Stolper v. University of Sydney
This text of 216 F. App'x 628 (Stolper v. University of Sydney) is published on Counsel Stack Legal Research, covering Court of Appeals for the Ninth Circuit primary law. Counsel Stack provides free access to over 12 million legal documents including statutes, case law, regulations, and constitutions.
Opinion
MEMORANDUM
Sean L. Stolper appeals pro se from the district court’s judgment dismissing his action against the University of Sydney (“UOS”) for lack of subject matter jurisdiction under the Foreign Sovereign Immunities Act, 28 U.S.C. §§ 1330, 1602 et seq. (“FSIA”). We have jurisdiction under 28 U.S.C. § 1291. We review de novo, Corzo v. Banco Cent. de Reserva del Peru, 243 F.3d 519, 522 (9th Cir.2001), and we affirm.

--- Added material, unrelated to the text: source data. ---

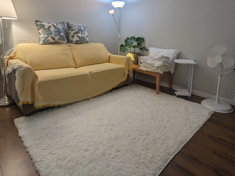 Large White faux fur rug. Soft and fluffy.
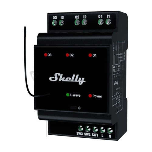 „Shelly Wave Pro 3“ yra 3 kanalų ant DIN bėgelio montuojama relė, palaikanti iki 48 amperų srovę ir skirta profesionaliam ir komerciniam naudojimui. Dėl „Z-Wave“ ir „Z-Wave Long Range“ technologijų ji siūlo iki 1 km atstumą, todėl užtikrina patikimą veikimą net dideliuose pastatuose. Ji palaiko 3 nepriklausomų grandinių valdymą per bepotencialius kontaktus, todėl yra suderinama su įvairia įtampa ir įrenginiais. Ji taip pat leidžia nuotoliniu būdu valdyti grafikus, scenas ir automatizuoti veikimą per suderinamą „Z-Wave“ šliuzą. Įrenginys yra energiją taupantis ir puikiai tinka gyvenamųjų namų, viešbučių, biurų ir pramonės įrenginių įrengimui.
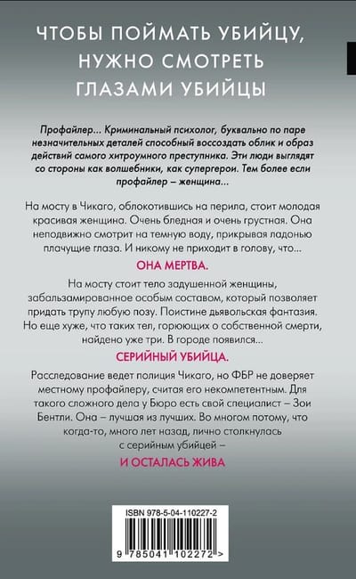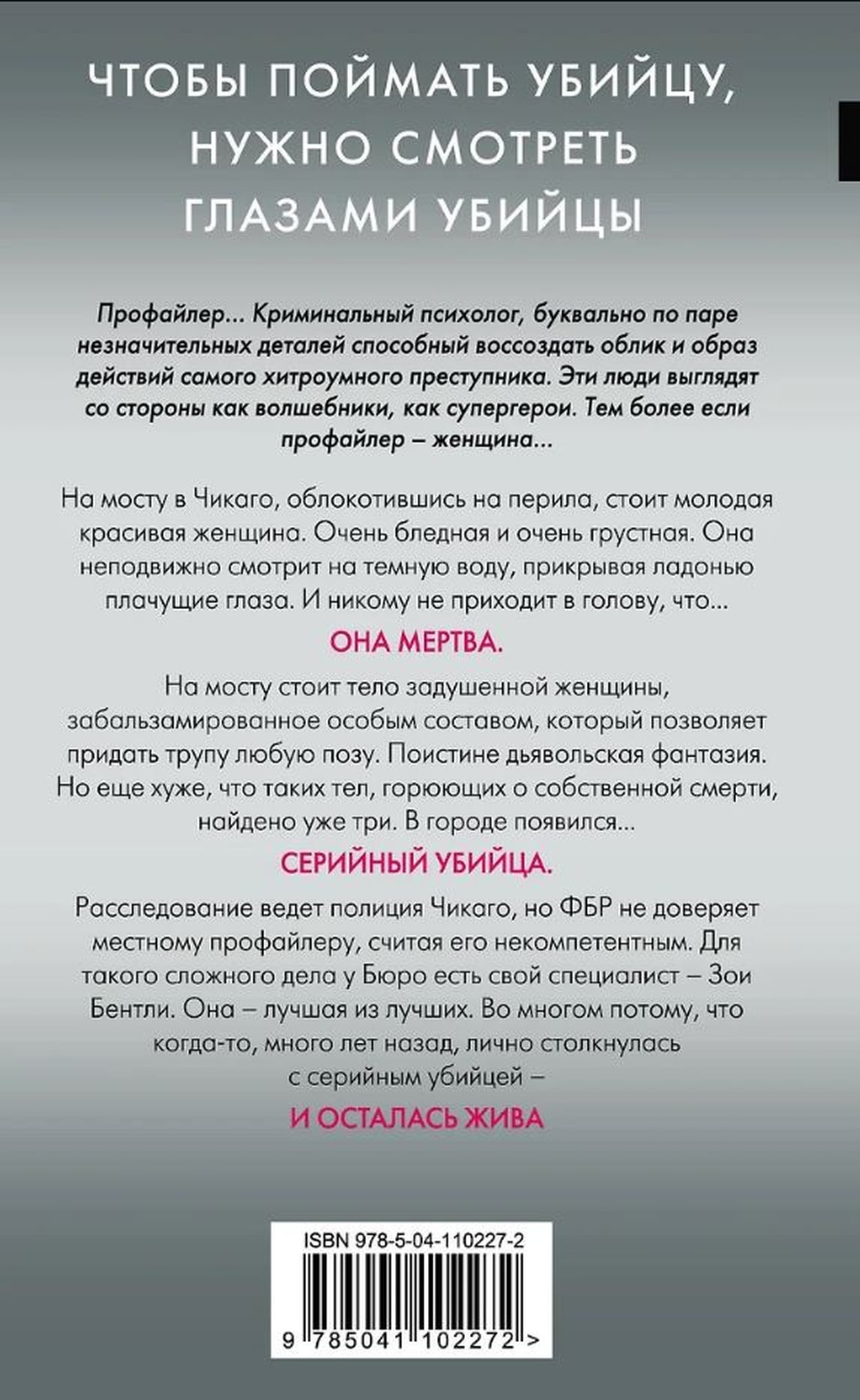 На мосту в Чикаго, облокотившись на перила, стоит молодая красивая женщина. Очень бледная и очень грустная. Она неподвижно смотрит на темную воду, прикрывая ладонью плачущие глаза. И никому не приходит в голову, что… Она мертва. На мосту стоит тело задушенной женщины, забальзамированное особым составом, который позволяет придать трупу любую позу. Поистине дьявольская фантазия. Но еще хуже, что таких тел, горюющих о собственной смерти, найдено уже три. В городе появился… Серийный убийца. Расследование ведет полиция Чикаго, но ФБР не доверяет местному профайлеру, считая его некомпетентным. Для такого сложного дела у Бюро есть свой специалист - Зои Бентли. Она - лучшая из лучших. Во-многом потому, что когда-то, много лет назад, лично столкнулась с серийным убийцей - и осталась жива…

Stolper contends that the FSIA did not deprive the district court of subject matter jurisdiction. However, the UOS is an agency or instrumentality of the Australian government. See California v. NRG Energy, Inc., 391 F.3d 1011, 1026 (9th Cir.2004). The “commercial activity” exception to the FSIA does not apply in this case because UOS’s commercial activities neither took place in the United States, nor did they have a “direct effect” in the United States. See Adler v. Fed. Republic of Nigeria, 107 F.3d 720, 726 (9th Cir.1997).
Finally, the UOS did not waive its immunity by filing a notice of removal. A notice of removal cannot be said to constitute a responsive pleading that might waive the UOS’s immunity under the FSIA. See Siderman v. Republic of Argentina, 965 F.2d 699, 720-21 (9th Cir.1992).
All pending motions are denied.
AFFIRMED.
This disposition is not appropriate for publication and may not be cited to or by the courts of this circuit except as provided by 9 th Cir. R. 36-3.